Saturday arrived, and the game was not going well. In the third quarter, when the team was ten points behind, a silent young man quietly slipped into the empty locker room and put on his football gear. As he ran onto the sidelines, the coach and his players were astounded to see their faithful team mate back so soon. "Coach, please let me play. I've just got to play today," said the young man. The coach pretended not to hear him. There was no way he wanted his worst player in this close playoff game. But the young man persisted, and finally, feeling sorry for the kid, the coach gave in. "All right," he said. "You can go in." Before long, the coach, the players and everyone in the stands could not believe their eyes. This little unknown, who had never played before was doing everything right. The opposing team could not stop him. He ran, he passed, blocked and tackled like a star. His team began to triumph. The score was soon tied. In the closing seconds of the game, the kid intercepted a pass and ran all the way for the winning touchdown. The fans broke loose. His teammates hoisted him onto their shoulders. Such cheering you've never heard! Finally, after the stands had emptied and the team had showered and left the locker room, the coach noticed that the young man was sitting quietly in the corner all alone. The coach came to him and said, "Kid, I can't believe it. You were fantastic! Tell me what got into you? How did you do it?" He looked at the coach, with tears in his eyes, and said. "Well, you knew my dad died, but did you know that my dad was blind?" The young man swallowed hard and forced a smile, "Dad came to all my games, but today was the first time he could see me play, and I wanted to show him I could do it!"

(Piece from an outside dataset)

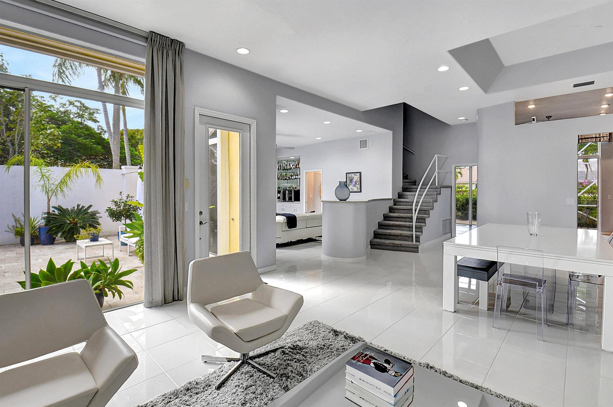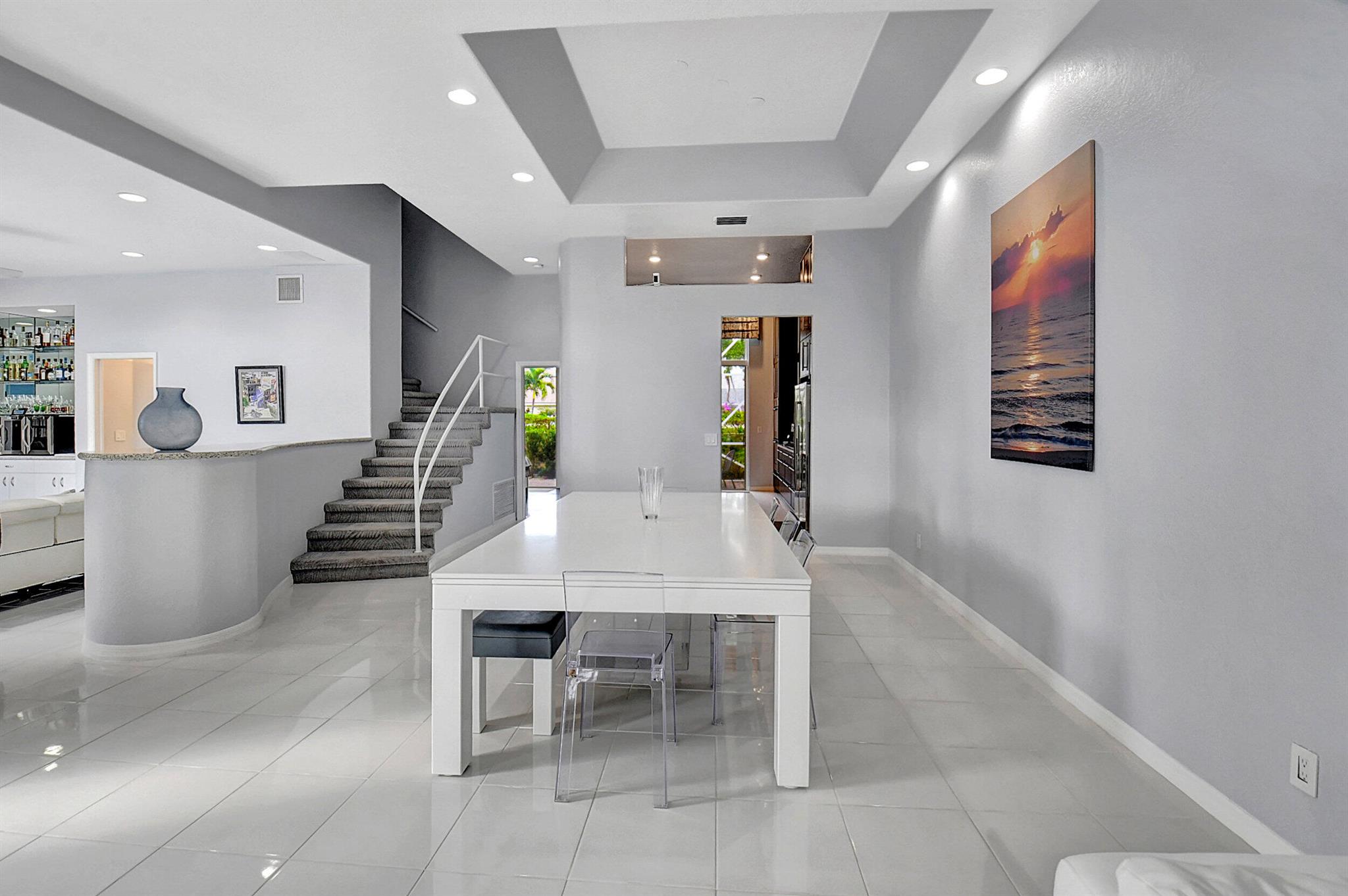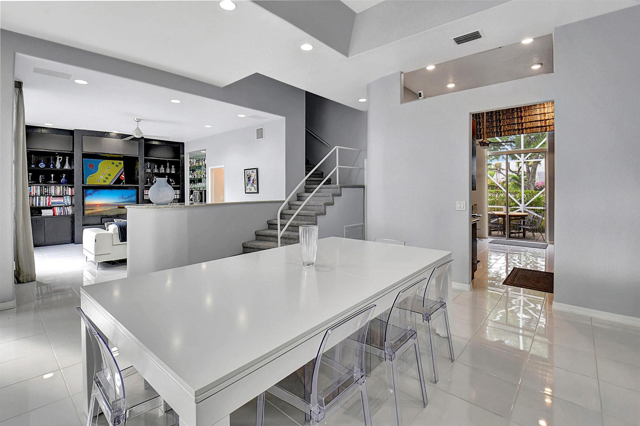 Updated contemporary courtyard home with private pool and end unit location. Very bright living, dining and family room overlooking your pool and patio. Has a gourmet eat in kitchen with Bosch appliances; access to an outdoor screened patio for easy outside dining and grilling. Downstairs bedroom with private bath for guests. Master bedroom is a private second floor suite with a custom closet and large master bath. This is a 2/2.5 unit but can be converted back to a full 3/2.5. Family room can be converted to a bedroom if desired. A customized garage, with new washer, dryer, pull down stairs. Full hurricane shutters for all openings. Pool and spa are salt with automatic cleaner. This home can be sold partially furnished. Beautifully maintained and ready for occupancy. Roof 2007
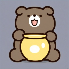 bestquality, 1 cartoon bear, no human, solo, laughing, round face, small black eyes, dumpy body, playing with a honey pot, cartoon

SO REMEMBER RIGHT NOW: Somebody is very proud of you. Somebody is thinking of you. Somebody is caring about you. Somebody misses you. Somebody wants to talk to you. Somebody wants to be with you. Somebody hopes you are not in trouble. Somebody is thankful for the support you have provided. Somebody wants to hold your hand. Somebody hopes everything turns out all right. Somebody wants you to be happy. Somebody wants you to find him/her. Somebody wants to give you a gift. Somebody wants to hug you. Somebody thinks you ARE a gift. Somebody admires your strength. Somebody wants to protect you. Somebody can't wait to see you. Somebody loves you for who you are. Somebody treasures your spirit. Somebody is glad that you are their friend. Somebody wants to get to know you better. Somebody wants to be near you. Somebody wants you to know they are there for you. Somebody would do anything for you. Somebody wants to share their dreams with you. Somebody is alive because of you. Somebody needs your support. Somebody will cry when they read this. Somebody needs you to have faith in them. Somebody trusts you. Somebody hears a song that reminds them of you. Many people will walk in and out of your life but only true friends will leave footprints on your heart.